Goldman Sachs & Co. LLC acted as financial advisor and fairness opinion provider to Change Healthcare. Eric Swedenburg, Jonathan Corsico, Sara Razi, Gregory Grogan, Andrew Purcell, Lori Lesser, Vanessa Burrows, Joshua Bonnie, William Golden, Jonathan Ozner, Lia Toback, Brian Gluck, Brad Goldberg,Abram Ellis, Preston Miller and Adeeb Fadil of Simpson Thacher & Bartlett LLP acted as legal advisor to Change Healthcare. Keith Pagnani and Melissa Sawyer of Sullivan & Cromwell LLP acted as legal advisors to UnitedHealth. BofA Securities, Inc. acted as financial advisor to United Health Group, indirect parent of Optum, Inc.
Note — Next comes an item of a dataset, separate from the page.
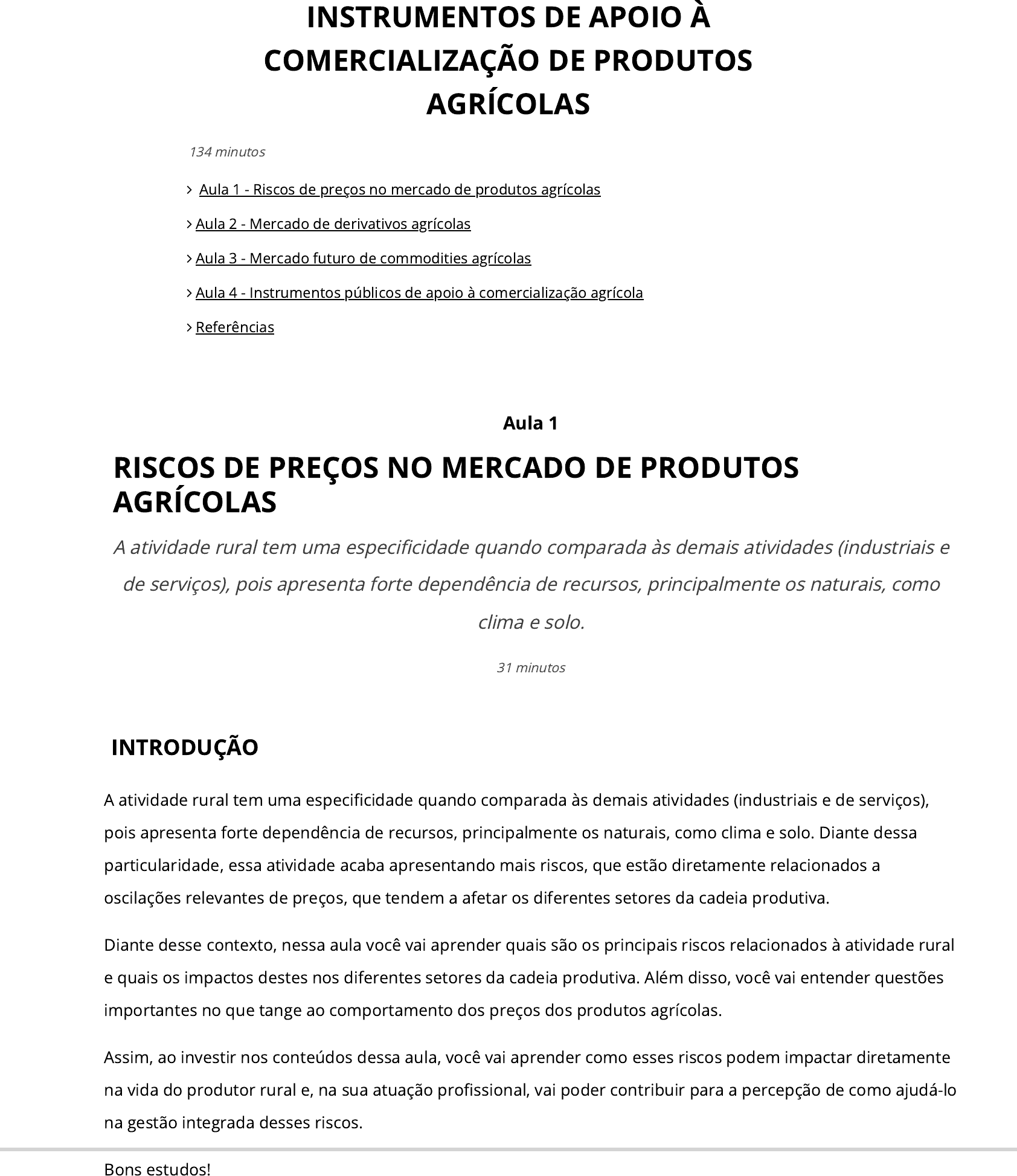 <p>14/09/2023, 18:17 wlldd_231_u3_com_pro_agr</p><p>https://www.colaboraread.com.br/integracaoAlgetec/index?usuarioEmail=julio-nc%40hotmail.com&usuarioNome=JÚLIO+CÉSAR+PAIXÃO+PEREIRA&disciplinaDescricao=&atividadeId=3658064&atividadeDescrica… 1/24</p><p>INTRODUÇÃO</p><p>A atividade rural tem uma especi�cidade quando comparada às demais atividades (industriais e de serviços),</p><p>pois apresenta forte dependência de recursos, principalmente os naturais, como clima e solo. Diante dessa</p><p>particularidade, essa atividade acaba apresentando mais riscos, que estão diretamente relacionados a</p><p>oscilações relevantes de preços, que tendem a afetar os diferentes setores da cadeia produtiva.</p><p>Diante desse contexto, nessa aula você vai aprender quais são os principais riscos relacionados à atividade rural</p><p>e quais os impactos destes nos diferentes setores da cadeia produtiva. Além disso, você vai entender questões</p><p>importantes no que tange ao comportamento dos preços dos produtos agrícolas.</p><p>Assim, ao investir nos conteúdos dessa aula, você vai aprender como esses riscos podem impactar diretamente</p><p>na vida do produtor rural e, na sua atuação pro�ssional, vai poder contribuir para a percepção de como ajudá-lo</p><p>na gestão integrada desses riscos.</p><p>Bons estudos!</p><p>Aula 1</p><p>RISCOS DE PREÇOS NO MERCADO DE PRODUTOS</p><p>AGRÍCOLAS</p><p>A atividade rural tem uma especi�cidade quando comparada às demais atividades (industriais e</p><p>de serviços), pois apresenta forte dependência de recursos, principalmente os naturais, como</p><p>clima e solo.</p><p>31 minutos</p><p>INSTRUMENTOS DE APOIO À</p><p>COMERCIALIZAÇÃO DE PRODUTOS</p><p>AGRÍCOLAS</p><p> Aula 1 - Riscos de preços no mercado de produtos agrícolas</p><p> Aula 2 - Mercado de derivativos agrícolas</p><p> Aula 3 - Mercado futuro de commodities agrícolas</p><p> Aula 4 - Instrumentos públicos de apoio à comercialização agrícola</p><p> Referências</p><p>134 minutos</p><p>14/09/2023, 18:17 wlldd_231_u3_com_pro_agr</p><p>https://www.colaboraread.com.br/integracaoAlgetec/index?usuarioEmail=julio-nc%40hotmail.com&usuarioNome=JÚLIO+CÉSAR+PAIXÃO+PEREIRA&disciplinaDescricao=&atividadeId=3658064&atividadeDescrica… 2/24</p><p>Imprimir</p><p>CONHECENDO OS RISCOS (E SEUS IMPACTOS) E O COMPORTAMENTO DOS</p><p>PREÇOS NO MERCADO AGRÍCOLA</p><p>Vamos iniciar a nossa aula, primeiramente, entendendo que a agricultura apresenta diversos riscos inerentes à</p><p>atividade, pois é diretamente dependente de insumos naturais. Esses riscos causam impactos diretos nos</p><p>custos produtivos, no retorno econômico do produtor e em toda a cadeia de lucratividade do negócio. Ou seja,</p><p>o impacto pode atingir desde os fornecedores de insumos (sementes, adubos, agroquímicos), até os preços de</p><p>venda ao consumidor �nal.</p><p>Diante desse cenário, podemos de�nir e dividir os riscos em grupos, da seguinte forma (EMBRAPA, 2018):</p><p>Grupo 1: Riscos de produção</p><p>Corresponde aos riscos relacionados às variações das condições de clima, problemas �tossanitários e manejo</p><p>incorreto.</p><p>Grupo 2: Riscos de mercado (ou de crédito)</p><p>Correspondem aos riscos relacionados à falta de linhas de �nanciamento e falta de condições de pagamento.</p><p>Grupo 3: Riscos de ambiente de negócios (ou de preços)</p><p>Correspondem aos riscos ligados às oscilações dos preços devido aos deslocamentos da demanda e/ou oferta</p><p>dos produtos.</p><p>Com esses riscos associados aos preços dos produtos agrícolas, os impactos surgem como resposta às</p><p>variações que podem surgir. E estes podem afetar todos os setores da cadeia produtiva, principalmente de</p><p>commodities agrícolas, visto que estas estão diretamente expostas às incertezas com relação às �utuações de</p><p>preços, pois são dependentes fortemente da oferta e demanda e, também, do mercado externo.</p><p>Diante disso, podemos observar que os riscos in�uenciam de forma direta as margens de lucro dos produtos</p><p>agrícolas e, com isso, é importante que o produtor busque proteger a sua rentabilidade, utilizando ferramentas</p><p>que contribuam para reduzir as incertezas e riscos.</p><p>Além disso, é importante conhecer quais são as características do comportamento dos preços dos produtos</p><p>agrícolas, que ocorrem em virtude das oscilações entre demanda e oferta dos produtos agrícolas no mercado.</p><p>Diante desse cenário, os principais comportamentos dos preços e suas características estão detalhados no</p><p>Quadro 1 (WAQUIL; MIELE; SCHULTZ, 2010; EMBRAPA, 2018).</p><p>Quadro 1 | Comportamento dos preços e suas características (ou de�nições)</p><p>Comportamento Característica</p><p>14/09/2023, 18:17 wlldd_231_u3_com_pro_agr</p><p>https://www.colaboraread.com.br/integracaoAlgetec/index?usuarioEmail=julio-nc%40hotmail.com&usuarioNome=JÚLIO+CÉSAR+PAIXÃO+PEREIRA&disciplinaDescricao=&atividadeId=3658064&atividadeDescrica… 3/24</p><p>Tendência</p><p>Observada a longo prazo, apresentando trajetória de alta, queda ou preço estável.</p><p>Pode sofrer in�uência de alguns fatores, como inovação tecnológica e alterações na</p><p>oferta e procura.</p><p>Ciclo Observado em períodos relativamente longos, que podem englobar alguns anos.</p><p>Sazonalidade</p><p>Observada ao longo do período de um ano, englobando a safra e a entressafra,</p><p>contribuindo para as variações de preço (baixa na safra e alta na entressafra).</p><p>Movimento brusco</p><p>Observado em período curto, normalmente dias ou semanas. Sinaliza as oscilações no</p><p>mercado de diminuição ou elevação dos preços.</p><p>Fonte: WAQUIL; MIELE; SCHULTZ (2010).</p><p>Agora que conhecemos os conceitos, vamos seguir nos aprofundando no assunto, visando entender como os</p><p>riscos podem afetar a produção e, consequentemente, os preços no mercado. Além

Barclays PLC acted as financial advisor to Change Healthcare Inc. in the transaction. Eric L. Issadore of Ropes & Gray LLP acted as legal advisor to The Blackstone Group. Goldman Sachs will be paid a transaction fee of approximately $73 million, all of which is contingent upon consummation of the merger. Morrow & Co., LLC acted as proxy solicitor to Change Healthcare. Leigh Oliver, Bob Leibenluft and Logan Breed Hogan Lovells US LLP advised United HealthCare Services, Inc in the deal.

Optum, Inc. completed the acquisition of Change Healthcare Inc. (NasdaqGS:CHNG) from Blackstone Capital Partners VI, L.P., other funds managed by The Blackstone Group Inc. (NYSE:BX), Camber Capital Management LLC and others in a merger of equals transaction, on October 3, 2022.